▶ **Directions**
Set down a true copy of the data, with all pictures left out.

▶ **Provided data**
+-------+

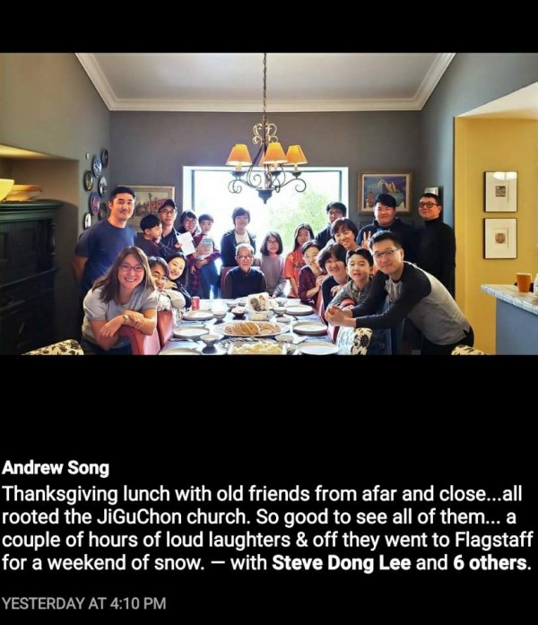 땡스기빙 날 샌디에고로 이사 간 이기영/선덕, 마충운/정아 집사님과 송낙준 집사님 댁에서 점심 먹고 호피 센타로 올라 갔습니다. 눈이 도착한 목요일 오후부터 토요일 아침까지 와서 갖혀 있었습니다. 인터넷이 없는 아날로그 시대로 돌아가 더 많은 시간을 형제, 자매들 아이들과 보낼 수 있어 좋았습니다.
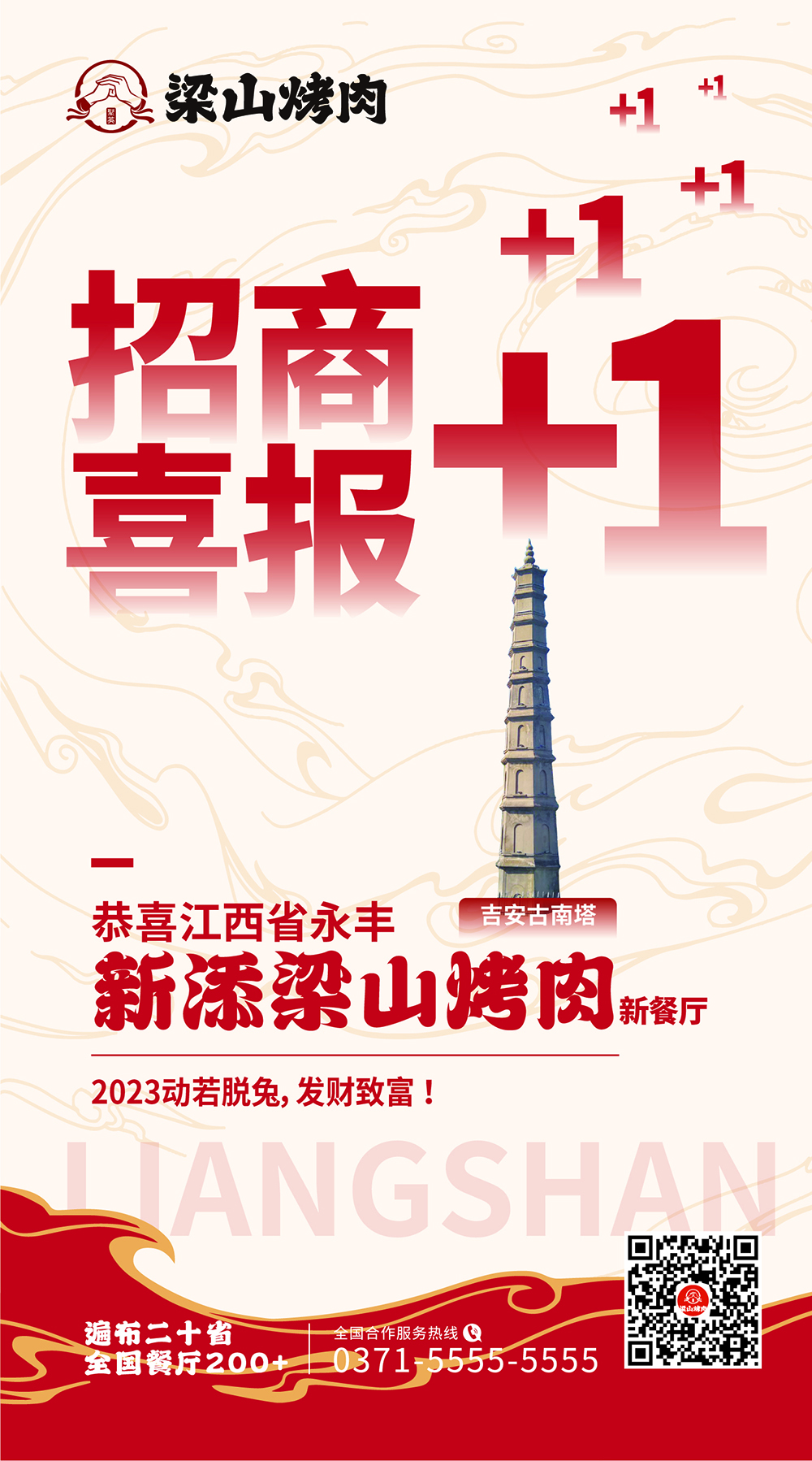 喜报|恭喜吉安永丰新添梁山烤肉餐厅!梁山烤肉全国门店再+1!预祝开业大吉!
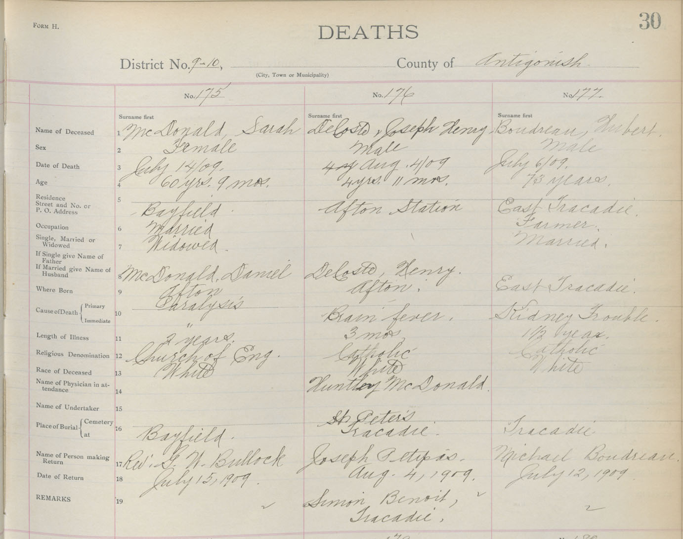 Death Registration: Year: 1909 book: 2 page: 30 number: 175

+-------+

▶ **Task response**
 땡스기빙 날 샌디에고로 이사 간 이기영/선덕, 마충운/정아 집사님과 송낙준 집사님 댁에서 점심 먹고 호피 센타로 올라 갔습니다. 눈이 도착한 목요일 오후부터 토요일 아침까지 와서 갖혀 있었습니다. 인터넷이 없는 아날로그 시대로 돌아가 더 많은 시간을 형제, 자매들 아이들과 보낼 수 있어 좋았습니다.
 喜报|恭喜吉安永丰新添梁山烤肉餐厅!梁山烤肉全国门店再+1!预祝开业大吉!
 Death Registration: Year: 1909 book: 2 page: 30 number: 175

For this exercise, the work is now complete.